This page will always be obsolete at any given point in time, but sometimes more obsolete than other times. It is very obsolete right now. I'm happy to correspond. Here are my refereed publications and some examples of my software. I last updated this page in November, 2011.

A brief descripiont of my research follows.

A current theme in my High Performance Computing Laboratory at Northeastern University is adaptation of data structures and low-level software access algorithms to quickly changing technology. In the 90s, computers became faster. Now, we simply have more of them, and with the growth of heterogeneous computing, we have more types of them. A partially related thrust is to treat checkpoints of running programs as first-class objects (checkpoint images).

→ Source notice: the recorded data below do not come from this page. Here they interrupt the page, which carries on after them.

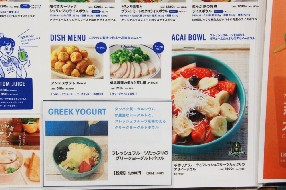 どれもおいしそうな「Gooday Fresh Cafe」のメニュー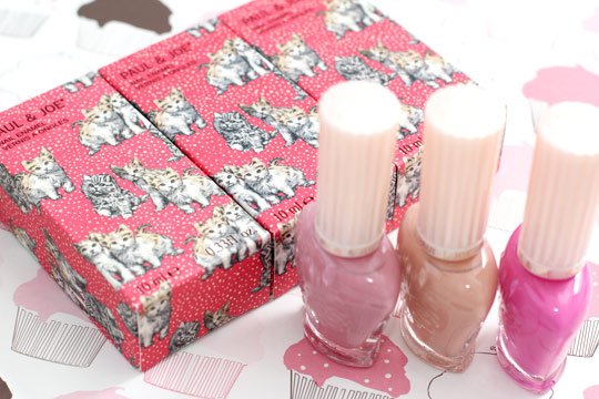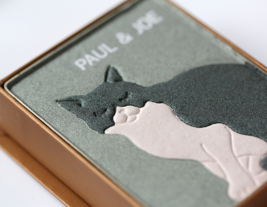 If you look closely at the pans in the new Paul & Joe Face & Eye Colors (from the limited edition Collection Sparkles), you’ll notice that the kitties all have their eyes shut. Tabs makes the same face when he’s purring, aww!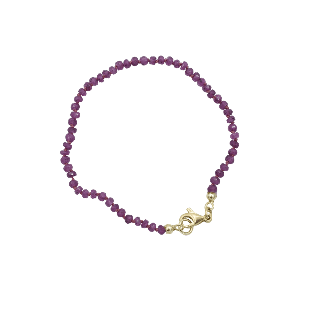 Voeg een vleugje luxe toe aan je sieradencollectie met dit geknoopte armbandje met robijn. De zorgvuldig geslepen robijnsteentjes van ca. 3 mm zijn met de hand geknoopt en stralen diepe, warme tinten rood uit. Het armbandje is afgewerkt met een verfijnd 14k (585) geelgouden slotje, wat zorgt voor een stijlvolle en duurzame afwerking.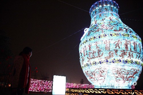2月8日,成都金沙太阳节开幕,一市民在成都一个高18米、重8吨,共约70万个青霉素小药瓶打造出的“水陆攻占图”铜壶灯组下驻足观看,这个庞大的灯组,由数十名工人在短短25天内的时间用巧手捆绑成型,据工作人员介绍,这个药瓶灯将申报吉尼斯世界记录。中新社发 张浪 摄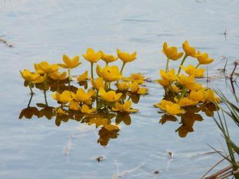 Keywords: caltha palustris aquatic plant blossom bloom yellow ranunculaceae water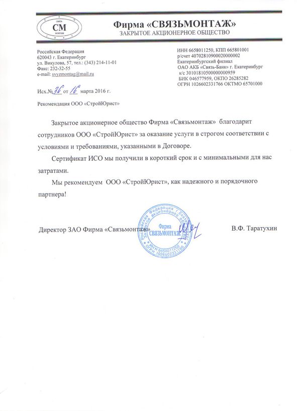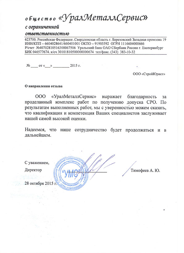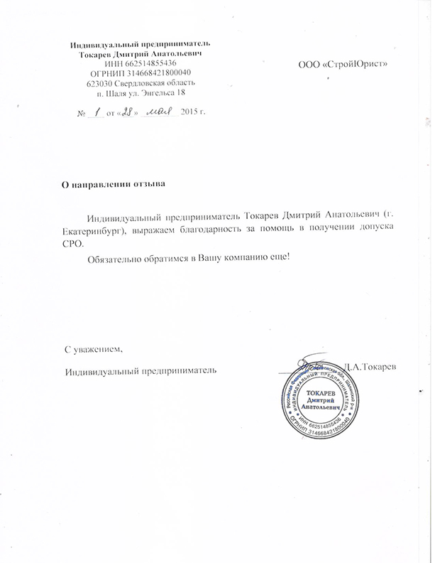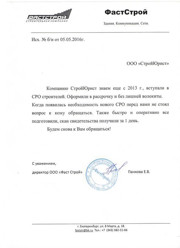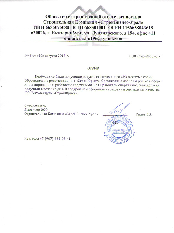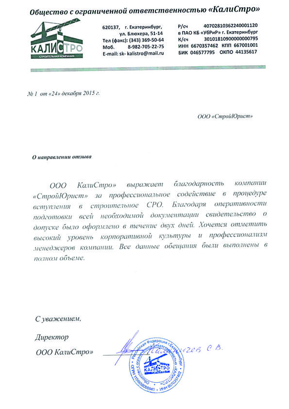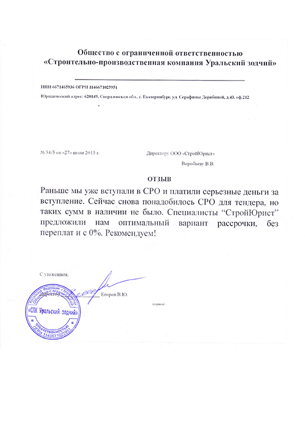 Отзывы клиентов "СтройЮрист" по вступлению в СРО в Балаково
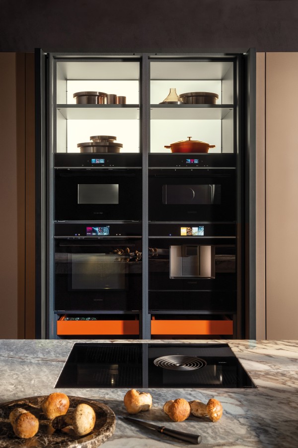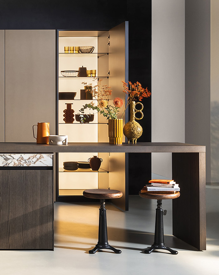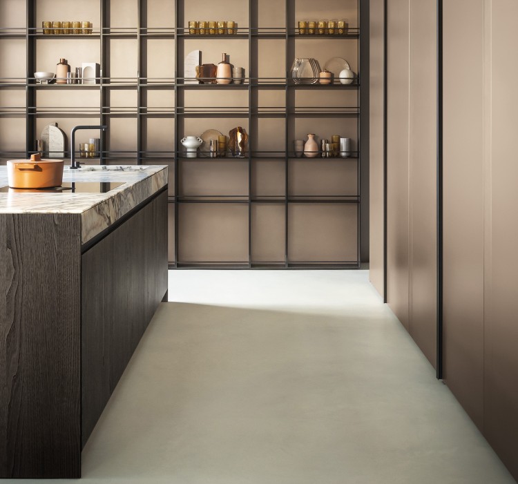 Colonnes ouvertes en aluminium anodisé Nero et panneau de fond laqué anodisé Bronze.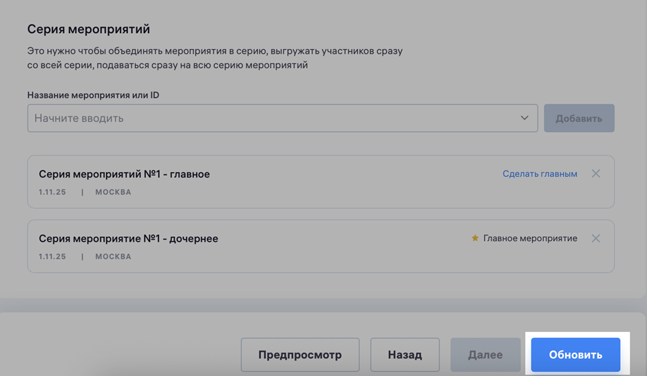 После этого можно выбрать, какое из мероприятий будет главным, а какое дочерним. Чтобы все изменения были сохранены, необходимо нажать на кнопку «Обновить».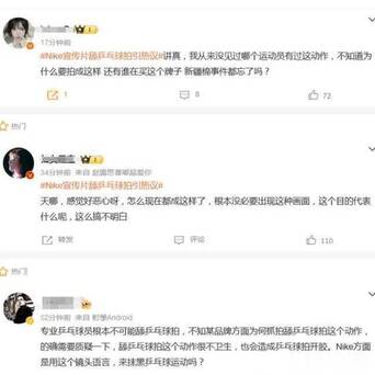 小编也是打开了视频看了一下,宣传片中,出现了多个运动的画面,包括了田径、足球等,其他的还算是比较正常,但在乒乓球这个项目上,一名运动员用舌头舔乒乓球拍的旁边,而且还特意给了特写,真是不知道nike是怎么拍出来的?要是拍运动项目就好好拍,这舔球拍是什么操作啊?真是令人难以理解。

These research directions are summarized here:

User Space Distributed, Multi-Threaded Checkpointing (DMTCP): The DMTCP checkpoint-restart package employs a pure user-space approach. This enables DMTCP to be bundled with other major applications for distribution. Checkpointing to disk, or restart, takes place in seconds or less. DMTCP requires no modification of kernel or of application binary. It has been demonstrated on OpenMPI, SciPy (iPython), SCIRun, Java, bash, gcl, matlab, and so on. DMTCP is the most widely used user-space checkpointing package. (Some other checkpointing packages, such as BLCR, require a kernel module. They are more commonly used for batch queues. It is difficult to compare usage among batch queues versus user-space settings.)
Reversible Debugger: A new experimental version of DMTCP can now checkpoint debugging sessions. Using this, we had built URDB in 2009, a reversible debugger for single-threaded programs. It can reverse execute code (going backwards in time). While URDB is freely available (GPL), it is now obsolete. We plan to soon release a beta version of FReD (Fast Reversible Debugger). It is both more robust (capable of reversing MySQL, Firefox, and Apache) and capable of also debugging multi-threaded programs. Following a principle of orthogonality, FReD (and the planned debugging tools on top of it) operate with multiple debuggers. Using this, we have built the first reversible debuggers for: MATLAB, python (pdb module), perl (perl -d), and OpenMPI using gdb. This also provides a gateway both to program-based introspection and to speculative program execution.
Disk-Based Parallel Computation (data-intensive computing): Commodity computing is now seeing many cores, but the RAM is not growing in proportion. Our solution is to use the disk as an extension of RAM. The bandwidth of 50 local disks in a cluster is approximately the same as a single RAM subsystem. While this may solve the bandwidth problem of disk, the latency problem remains. We have developed over five years a series of applications that overcome this barrier. Development of such disk-parallel code is highly labor intensive. We are now working on a mini-language, Roomy, that reduces the software development and debugging time from person-months to person-days. The end user need only make minimal changes to a sequential program, and then link in the Roomy run-time library. Just as the Linda programming language provides coordinated access to a common tuple space, the Roomy language provides coordinated access to the disk storage resources of a computer cluster or SAN through a sequential API. A particular emphasis of this research is on a broad variety of search algorithms, with an eye to applications in formal verification and elsewhere. The demonstration that Rubik's cube can be solved in 26 moves or less using 8 terabytes of disk storage was a byproduct of this work that attracted popular attention.
Converting Distributed Memory Parallelism to Thread-Parallelism: This is a newer project. As the move to many-core computing provides less RAM per core (and for other reasons), it becomes desirable to migrate MPI or other distributed memory code to thread-parallel code. In particular, with the advent of many-core CPUs, large sequential codes must be converted to thread-parallel code with data sharing in order to avoid thrashing between the CPU cache and RAM. Source code transformations are used to segregate thread-private read-write data. In combination with copy-on-write (UNIX fork system call), nearly linear speedup is achieved. This has been tested so far on 24-core machines. An interesting byproduct of segregating the read-write thread-private data is that even for the sequential case (single thread), we sometimes observe a speedup. The methodology has been developed in cooperation with the Geant4 developers. Geant4 consists of about 750,000 lines of C++ code developed at CERN for simulation of particle-matter interaction. One of its applications is analyzing data from the LHC particle collider (particle accelerator) at CERN, which is about 8.6 kilometers in diameter.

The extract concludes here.